[WHAT TO DO]: Take the listing from its first line through the line that contains "该研究基于矮抗58高质量参考" and please retype those lines exactly, leaving out the pictures.

[INFORMATION PROVIDED]:
=====

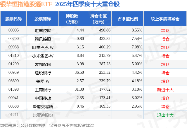 银华恒指港股通ETF基金成立于2024年6月13日,基金经理为李宜璇,基金跟踪标的为恒指港股通指数,成立以来超额回报为-9.69%,近一个月超额回报为-0.76%。最新披露的基金持仓数据显示,截止2025年12月31日,该基金第一大重仓股为汇丰控股(00005),持股占比为8.55%。
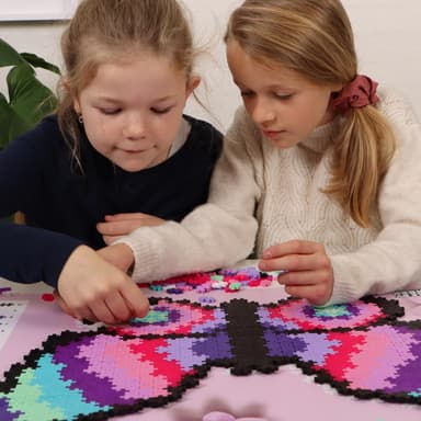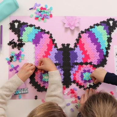 Puzzle By Number Butterfly kommer med 800 Plus-Plus och en stencil i 1:1 skala.
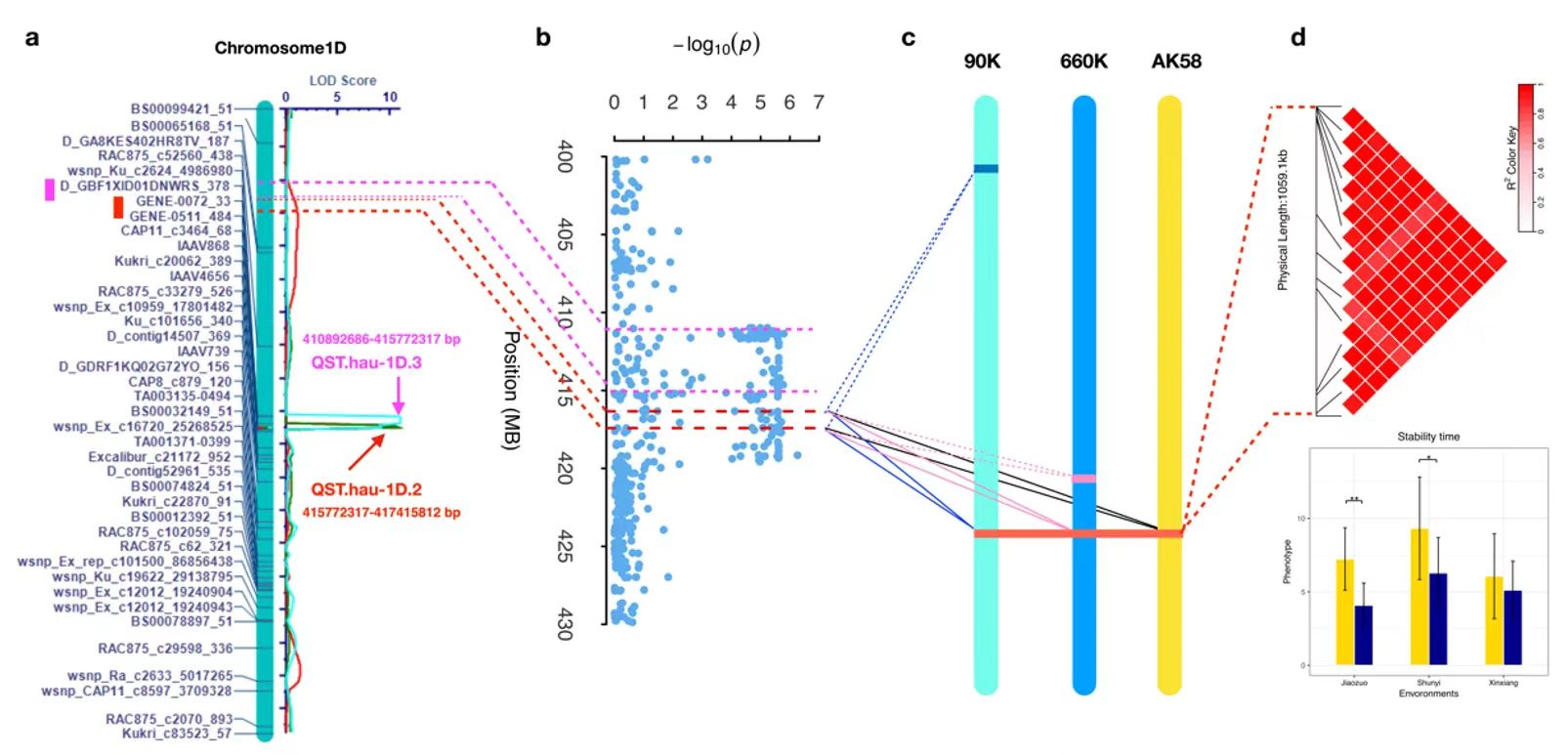 该研究基于矮抗58高质量参考基因组,融合更新了小麦660K与90K SNP芯片标记并将其应用于面团流变学特性研究,通过全基因组关联分析(GWAS)、QTL定位、共线性分析、基因表达量分析等手段,定位到多个调控小麦流变学特性的重要遗传区段,并预测了控制面团稳定时间的7个候选基因,找出了优异单倍型,为小麦品质性状改良提供了重要基因资源。
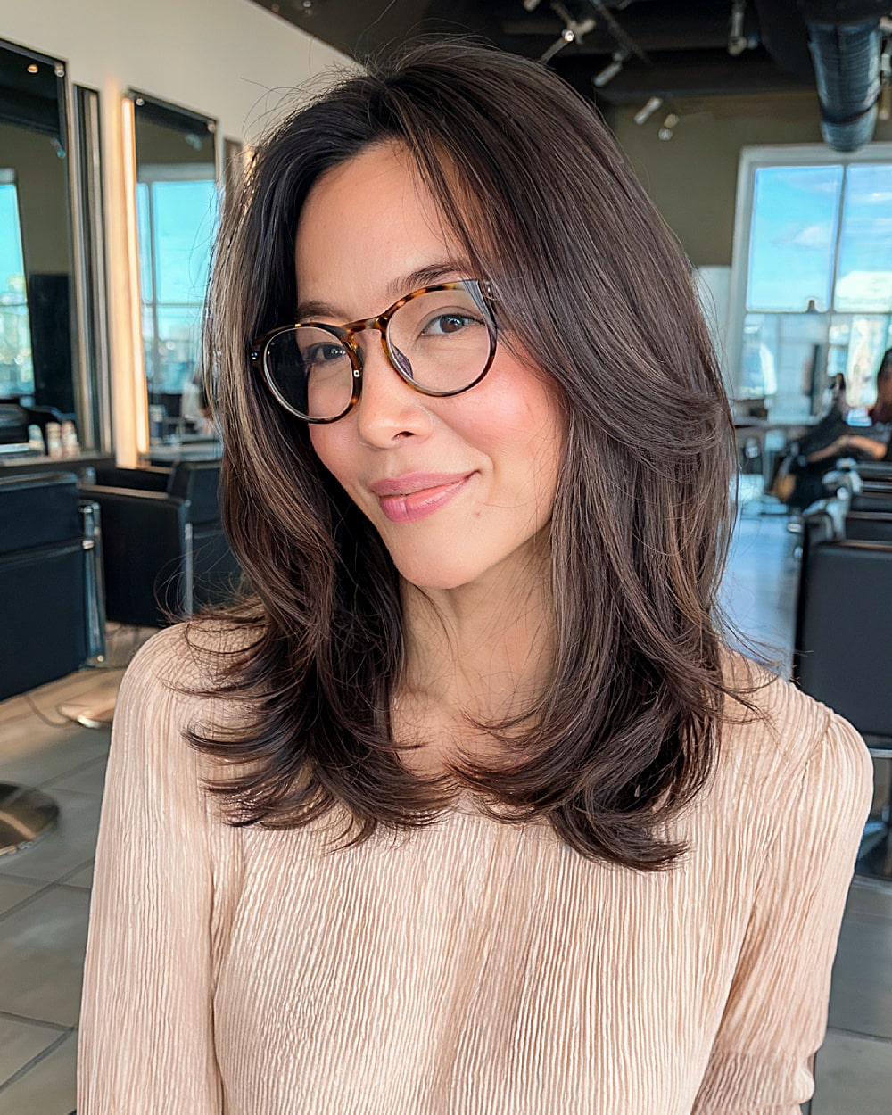 Soft, feathered ends define this medium-length butterfly cut, giving it a polished but approachable finish. The length is perfect for glasses-wearers since the face layers don’t compete with frames. The subtle layering at the cheekbones opens the face and elongates the neck—especially flattering for rounder faces. Best on straight to slightly wavy hair with medium density. Maintenance is minimal, but a round brush is your best friend here.

=====

[RESPONSE TO THE EXERCISE]:
 银华恒指港股通ETF基金成立于2024年6月13日,基金经理为李宜璇,基金跟踪标的为恒指港股通指数,成立以来超额回报为-9.69%,近一个月超额回报为-0.76%。最新披露的基金持仓数据显示,截止2025年12月31日,该基金第一大重仓股为汇丰控股(00005),持股占比为8.55%。
 Puzzle By Number Butterfly kommer med 800 Plus-Plus och en stencil i 1:1 skala.
 该研究基于矮抗58高质量参考基因组,融合更新了小麦660K与90K SNP芯片标记并将其应用于面团流变学特性研究,通过全基因组关联分析(GWAS)、QTL定位、共线性分析、基因表达量分析等手段,定位到多个调控小麦流变学特性的重要遗传区段,并预测了控制面团稳定时间的7个候选基因,找出了优异单倍型,为小麦品质性状改良提供了重要基因资源。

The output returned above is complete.